Multinomial belief networks for healthcare data

H. C. Donker,D. Neijzen,J. de Jong,G. A. Lunter
2024-04-06
Abstract:Healthcare data from patient or population cohorts are often characterized by sparsity, high missingness and relatively small sample sizes. In addition, being able to quantify uncertainty is often important in a medical context. To address these analytical requirements we propose a deep generative Bayesian model for multinomial count data. We develop a collapsed Gibbs sampling procedure that takes advantage of a series of augmentation relations, inspired by the Zhou$\unicode{x2013}$Cong$\unicode{x2013}$Chen model. We visualise the model's ability to identify coherent substructures in the data using a dataset of handwritten digits. We then apply it to a large experimental dataset of DNA mutations in cancer and show that we can identify biologically meaningful clusters of mutational signatures in a fully data-driven way.
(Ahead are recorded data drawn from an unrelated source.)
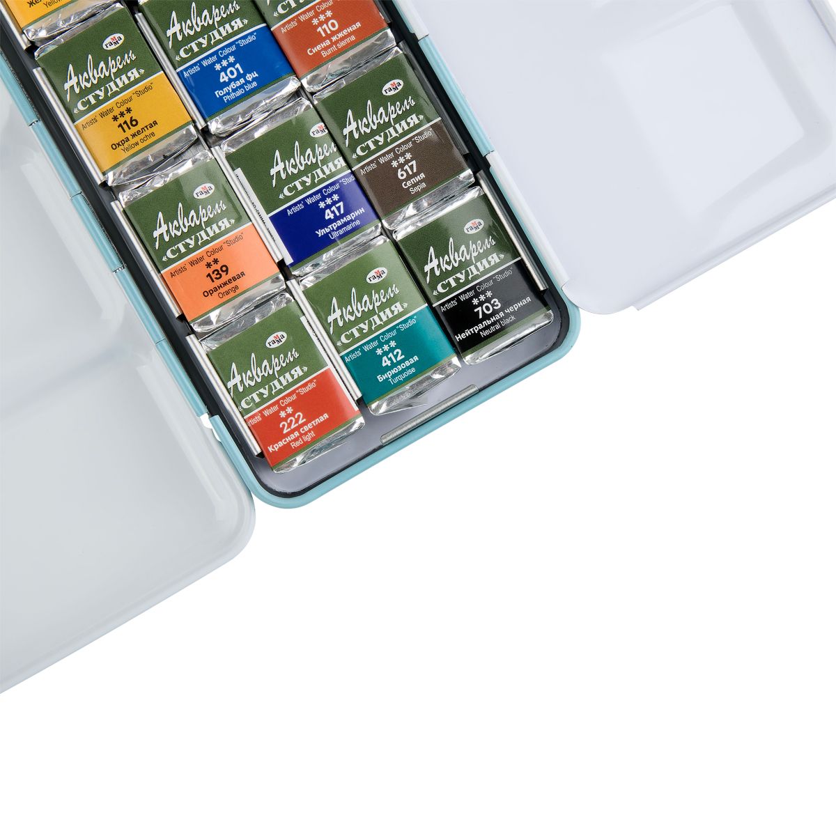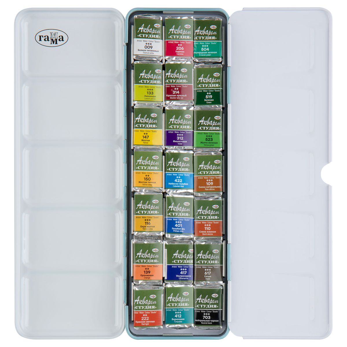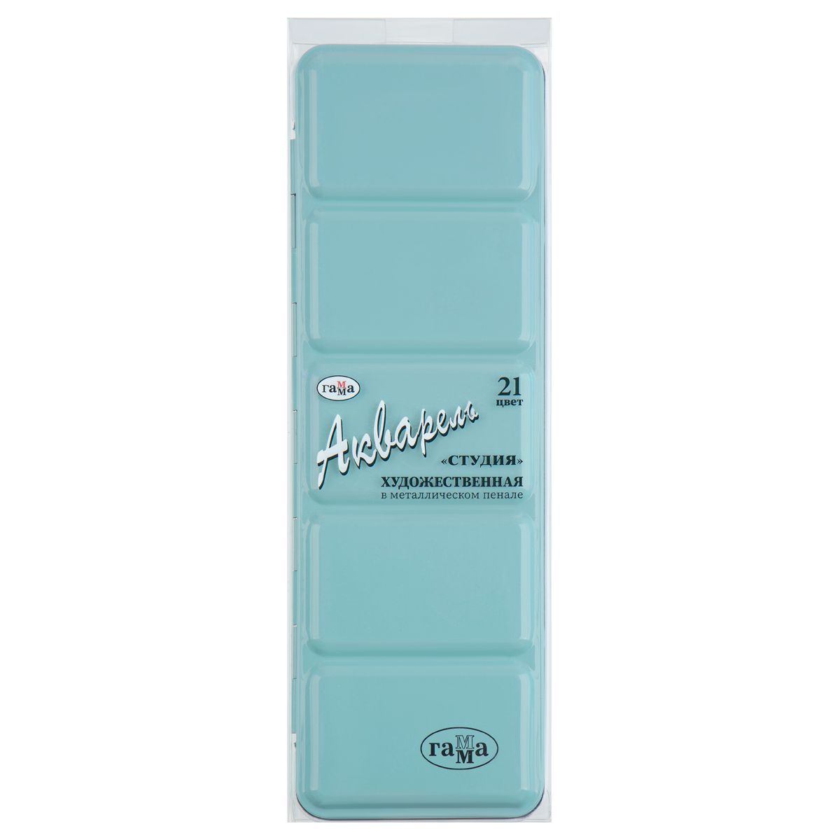 Акварель художественная Гамма "Студия", 21 цв., 2,6 мл , кювета, метал. Коробка
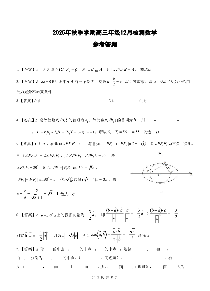 2025年秋季学期高三年级12月质量检測 数学答案.pdf
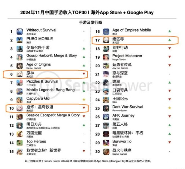 Sensor Tower的数据显示,2024年11月“中国手游收入TOP30|海外App Store+Google Play”,《绝区零》仅仅位列第十七位,落后于《原神》与《崩坏:星穹铁道》。
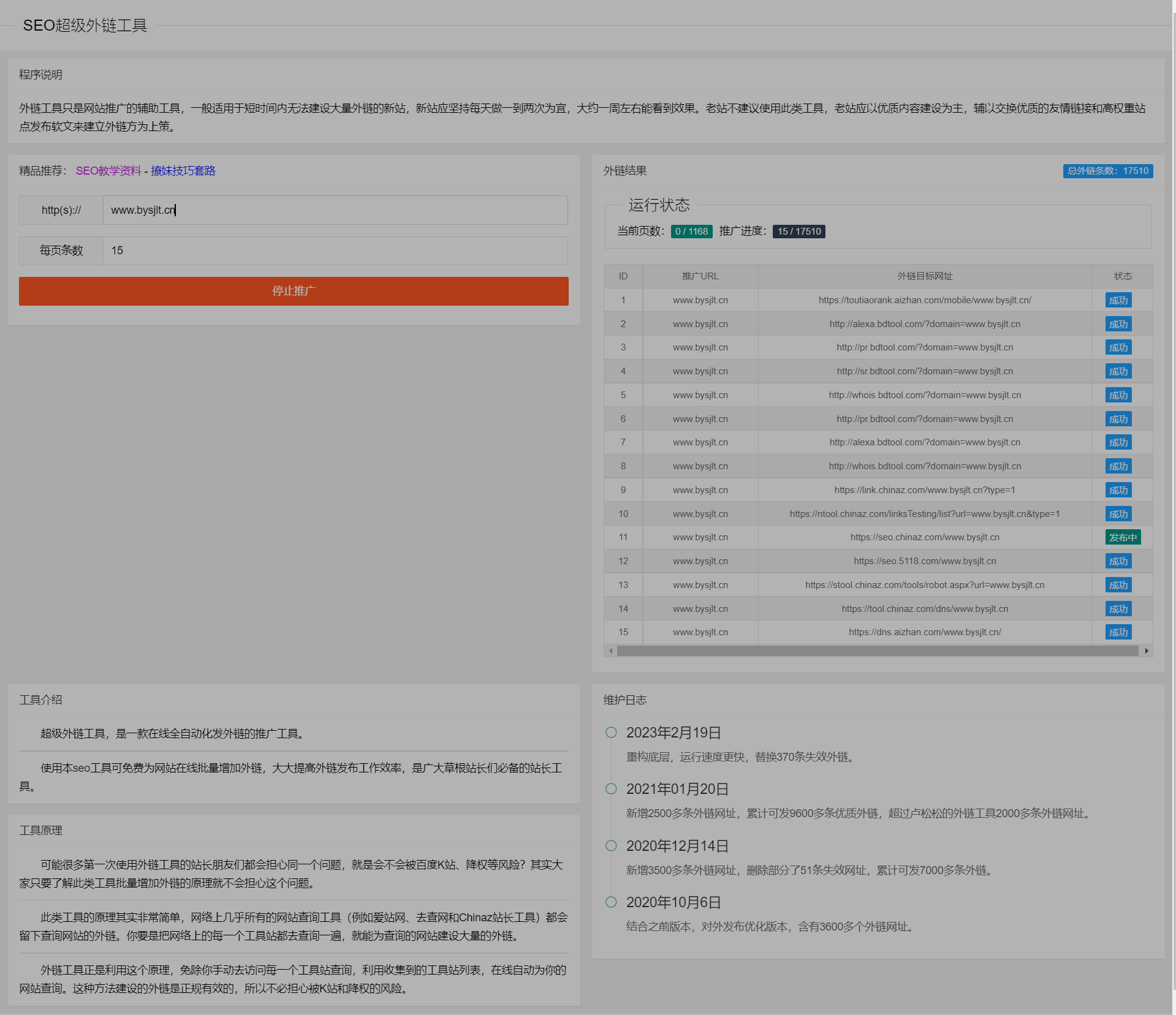 在线SEO外链工具源代码html源码,是一款在线全自动化发外链的推广工具。使用本工具可免费为网站在线批量增加外链,大大提高外链发布工作效率,是广大草根站长们必备的站长工具。
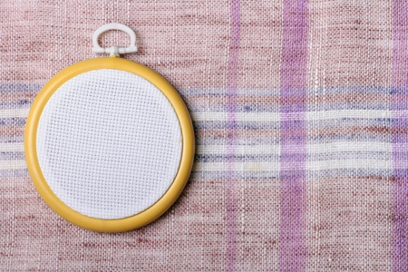 Embroidery frames, embroidery stitching kit with color threads and canvas background with copy space
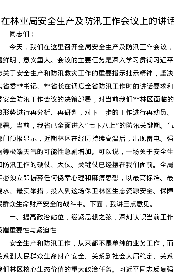 在林业局安全生产及防汛工作会议上的讲话
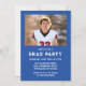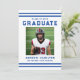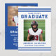 Celebrate your graduate’s achievement with this bold varsity-style blue graduation party invitation, featuring classic athletic stripes and strong collegiate typography for a timeless sports-inspired look. The front showcases the graduate’s photo alongside their name, school, and graduation year in a clean, structured layout that highlights their accomplishment with confidence and pride. The back features a horizontal photo at the top, with space below for graduation party details including the date, time, location, and RSVP information, creating a complete and personalized design. Perfect for high school and college seniors, student athletes, and sports enthusiasts, this blue photo graduation party invitation offers a polished and memorable way to invite guests to celebrate their milestone.
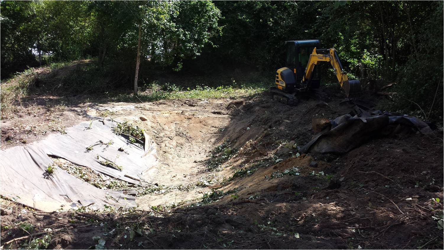 In den letzten Wochen vor den Sommerferien hat es in unserem Schulgarten einige wichtige Veränderungen gegeben. Mit der tatkräftigen Hilfe einiger Schüler und deren Eltern konnten wir einen ersten Freischnitt, der schon über Jahre verwilderten Flächen um den alten Teich, erreichen. Bei der Beseitigung von Sträuchern und kleineren Bäumen bemerkten wir, dass sich eine Vielzahl von Pappeln wild ausgesät hatten, die inzwischen zu stattlichen Bäumen herangewachsen waren. Mit ihrer Größe waren sie für uns als „Laien-Baumfäller“ nicht zu bewältigen. Da diese Bäume zu dicht am neu geplanten Teich gestanden hätten und eines der sehr großen Exemplare von einem Baumsachverständigen als Baum mit „unsicherem“ Wuchs eingestuft wurde, mussten sie zwangsläufig entfernt werden. Es bestand erheblicher Zeitdruck, da sich am Wochenende vor der letzten Schulwoche der Vater zweier Schüler des ASG, Herr Fallsehr, angeboten hatte uns mit seiner Firma „grüngrund“ für einen Tag fachliche und maschinelle Unterstützung zukommen zu lassen. Wir hatten bis zu diesem Termin nur zwei Wochen Zeit, um die Stadt Hürth von der Dringlichkeit der Abholzung zu überzeugen und konnten auf einen schnellen Termin zur Baumfällung nur hoffen. Dank des guten Kontakts von Herrn Schäfer zum Grünflächenamt war es glücklicherweise möglich, dass die Bäume vor dem besagten Wochenende gefällt und zerkleinert werden konnten. Ende Juni waren somit alle großen Hindernisse beseitigt, sodass sich ein Bagger der Firma „grüngrund“ durch unseren Schulgarten arbeiten konnte. Bei den ersten Planungsgesprächen konnten wir noch nicht erahnen, wie viel wir an einem solchen Arbeitstag erreichen könnten. Letztendlich hat eine zehnstündige Baggerfahrt dazu geführt, dass Büsche und Bäume samt ihrer Wurzeln entfernt werden konnten, die gesamte Folie des alten Teiches entsorgt wurde und das gesamte Areal begradigt werden konnte.

Machine Learning,Applications
What problem does this paper attempt to address?
This paper proposes a deep generative Bayesian model called Multinomial Belief Network (MBN) for healthcare data. Healthcare data often have sparsity, high missing rate, small sample size, and require handling uncertainty. Traditional maximum likelihood methods can produce biases in these cases. In the paper, the authors develop a folded Gibbs sampling method using a series of augmentation relations inspired by the Zhou-Cong-Chen model. MBN is able to identify coherent substructures in the data and demonstrates its capability on handwritten digits and cancer DNA mutation datasets, discovering biologically meaningful mutation feature clusters. Compared to traditional topic modeling approaches, MBN captures multi-layered topic interactions and is more suitable for handling limited and uncertain healthcare data.